# Is it possible to improve ndarray performance vs nalgebra?

Hi!

I had a simple projection algorithm written using `ndarray` and `nalgebra`, and noticed the latter performs substantially faster. I then tested that even for simple indexing operations it is much faster. Is there any trick I'm missing? Or otherwise is it simply not recommended to use `ndarray` for low-dimensional cases? What is the main source of this difference in performance?
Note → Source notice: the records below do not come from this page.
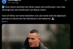 布魯日官方寫道:“布魯日俱樂部宣布尼基·海恩卸任主教練一職,伊萬·萊科將接替他擔任主教練?!?/p>
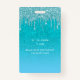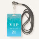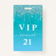 Un badge moderne, élégant et glamour pour une fête d'anniversaire de 21e (ou tout âge). Un turquoise, vert, bleu dégradé arrière - plan de parties scintillant avec fausse parties scintillant goutte à goutte, la peinture goutte à goutte. Personnalisez et ajoutez un nom. Le nom est écrit avec un script de style moderne écrit à la main avec des swashes. Texte : VIP Numéro 21. Pour que les swashes ne suppriment que le nom de l'échantillon, laissez les espaces ou émoticônes devant et après le nom. Retour : détails de votre fête.
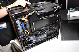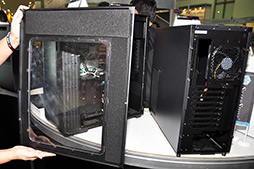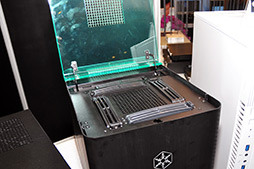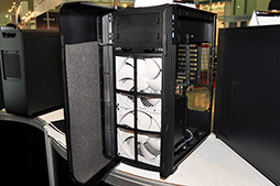 Fortress FT03」は“米びつ”のような形で異彩を放っていた。そして今回のテーマは,「拡張性と冷却性能を追求しつつ,徹底的な静音化も図る」(SilverStone)。要は静音仕様のPCケースというわけで,前面を覆う大きな扉や左右両側板,底板,天板に吸音材が貼られているのが大きなポイントだった。
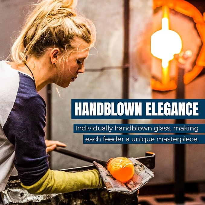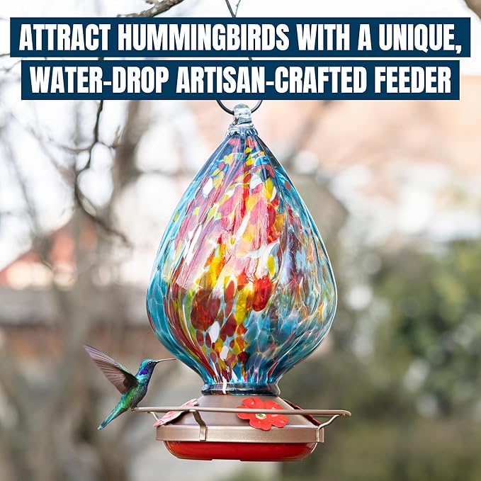 - BEAUTIFUL WATERDROP DESIGN – This hummingbird feeder glass is hand-blown with vibrant colors and a unique waterdrop shape. Perfect for adding charm to your garden, these hummingbirds feeders create a stunning display and attract hummingbirds, adding beauty and liveliness to your outdoor space. Beautiful glass hummingbird feeders for gardeners and bird lovers. Glass garden decor and backyard decor for outside. Garden art can attract more hummingbirds to your yard.
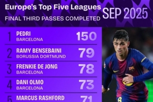 體育資訊10月1日訊 巴薩在9月份的6場比賽中,取得5勝1平。其中巴薩中場佩德里功不可沒,他被喻為哈維和伊涅斯塔的結合體。據(jù)Squawka數(shù)據(jù)統(tǒng)計,在9月份歐洲五大聯(lián)賽進攻三區(qū)成功傳球次數(shù)榜單中,佩德里以150次斷崖領先。
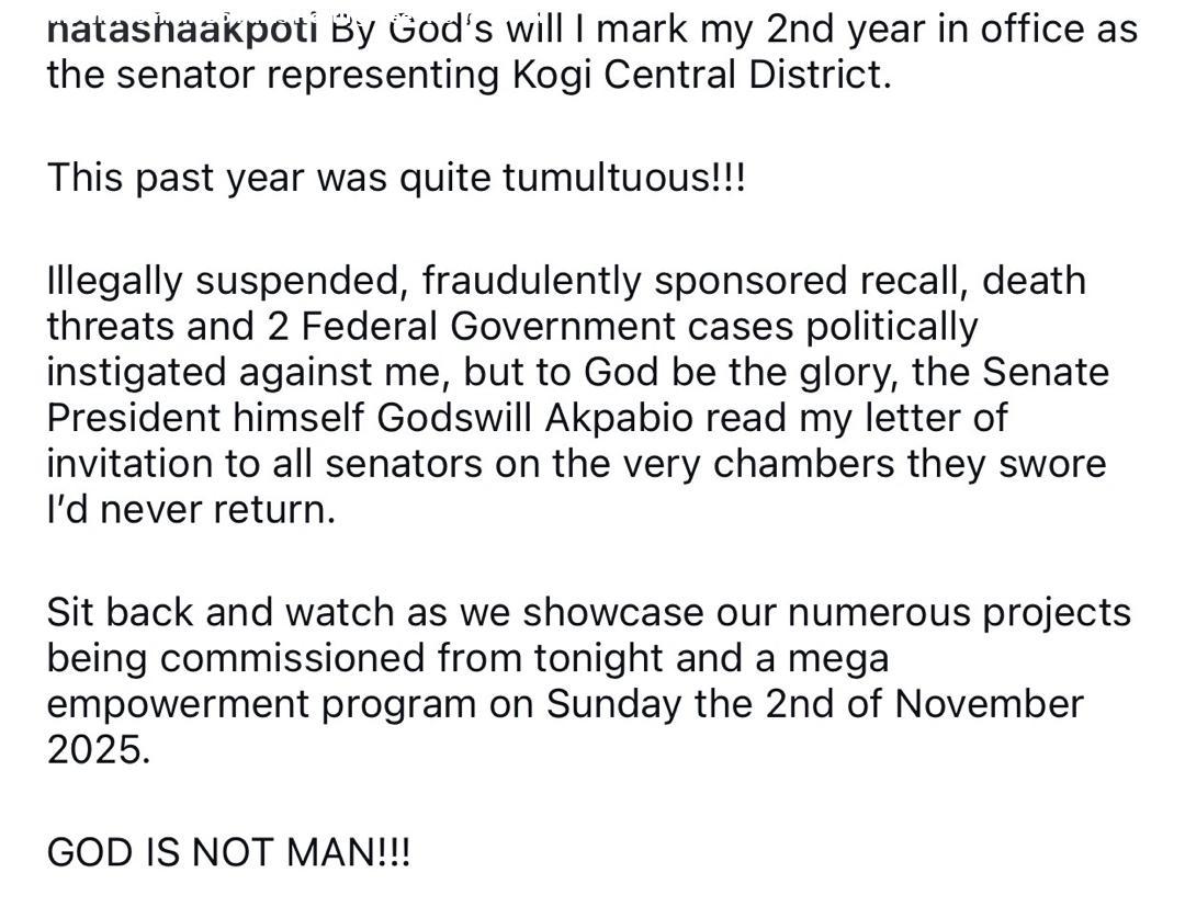 Senator Natasha Akpoti-Uduaghan took to social media last night to taunt her enemies hours after Senate President, Godswill Akpabio, read her letter inviting him and other Senators to her 2nd year anniversary in office celebration. During plenary on Thursday, October 30, Akpabio read a letter from Senator Natasha announcing plans for the celebration of her 2nd year in office as a Senator. Many Nigerians were left surprised by Akpabio’s action given that both of them have been at loggerheads and are even in court following the altercation they had with regards sitting arrangements in February. Some even believed that peace had been restored between Akpabio and the Senator. However, hours later, Senator Natasha took to her Instagram page to share a video of Akpabio reading her letter of invitation and pointed out that the senate president was reading the letter in the same chambers he swore she would never return to. She also responded to one of her followers who mentioned that she should not remove her leg” from the neck of her enemies, an expression in local parlance which means she should continue to deal with her detractors. The post Natasha Akpoti taunts her enemies hours after Akpabio read her letter inviting him and other Senators to her 2nd year anniversary in office celebration appeared first on Time.com.ng.
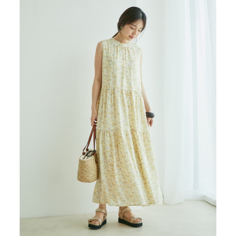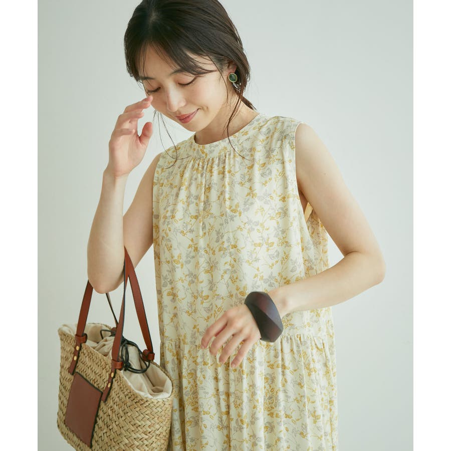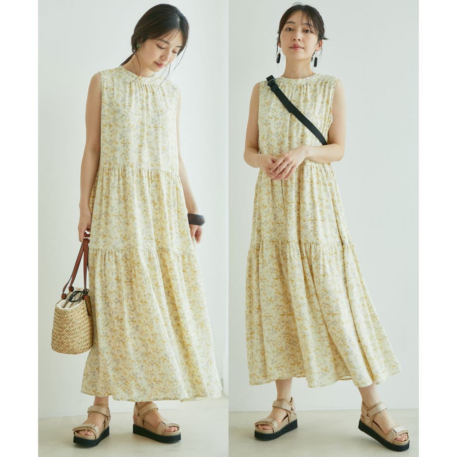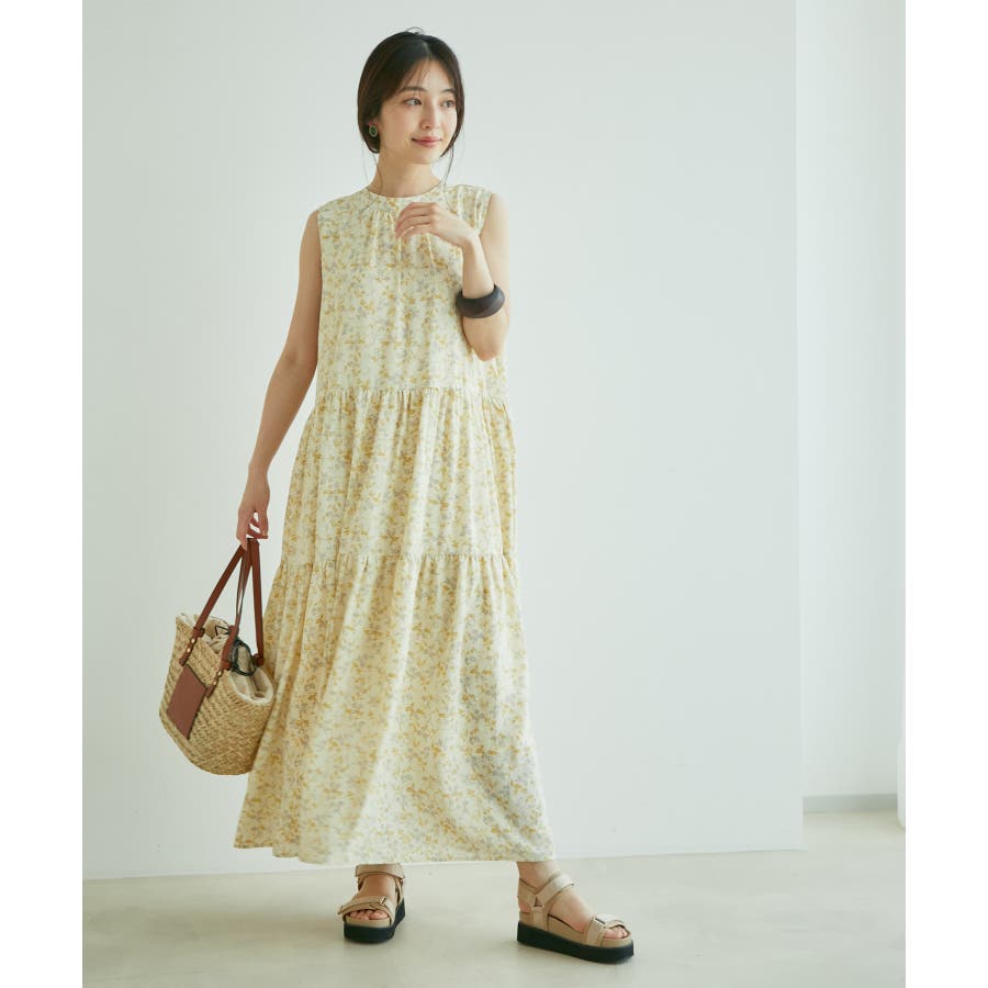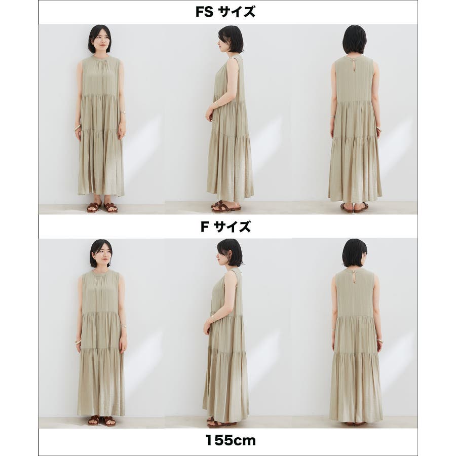 【デザイン・シルエット】 夏のお出かけにヘビーローテーション間違い無しの楽ちんでストレスフリーの着心地の良いティアードワンピースです。 シンプルなリーフ柄は、落ち着きのある華やかさで大人のスタイリングが楽しめます。 サイズはF・FSの2サイズで、お好みや身長に合わせて選んでいただけます。 FはFSより着丈のみ5cm長いお作りです。 【素材】 さらりとしたドライタッチのポリエステル楊柳。 ※カラーによって組成とお手入れ方法が異なります。 ブラック・キナリ系:(表地)ポリエステル 100%(裏地)ポリエステル 100%/洗濯機洗い可能 カーキ系・ピンク:(表地)レーヨン 83% ナイロン 17%(裏地)ポリエステル 100%/手洗い可能 【カラー】 落ち着いたブラック・柔らかなキナリ×イエロー・気分が上がるピンク・日焼けの肌にマッチするライトカーキの4色展開。 花柄と無地の2パターンご用意しました。 【おすすめのスタイリング】 足元は今年らしくグルカサンダルとの合わせがおすすめ! 1枚ではもちろん、シアーカーディガンを肩掛けしてアクセントにしても◎ ----------------------------- 裏地:あり 光沢感:なし 透け感:花柄:ややあり、無地:なし 伸縮性:あり、なし ポケット:なし ボタン:後ろ首元にあり 生地の厚さ:普通 季節:春~初秋 ----------------------------- 【モデル着用サイズ】 全色モデル身長:160cm、着用サイズ:F 詳細カット左:F、右:FS 詳細31~37枚目モデル身長:167cm、着用サイズ:F ※画像の商品はサンプルです。 実際の商品と仕様、加工、サイズが若干異なる場合がございます。

I thought it might be that `ndarray` has to perform one extra check to validate the indexing, but even then at worst it should be 2x the runtime of `nalgebra`, not over 5x... I also tried rewriting the code to e.g. `*array.uget_mut((0,0)) += 1.0` and adding an unsafe wrapper, but even then `ndarray` is over 2x slower.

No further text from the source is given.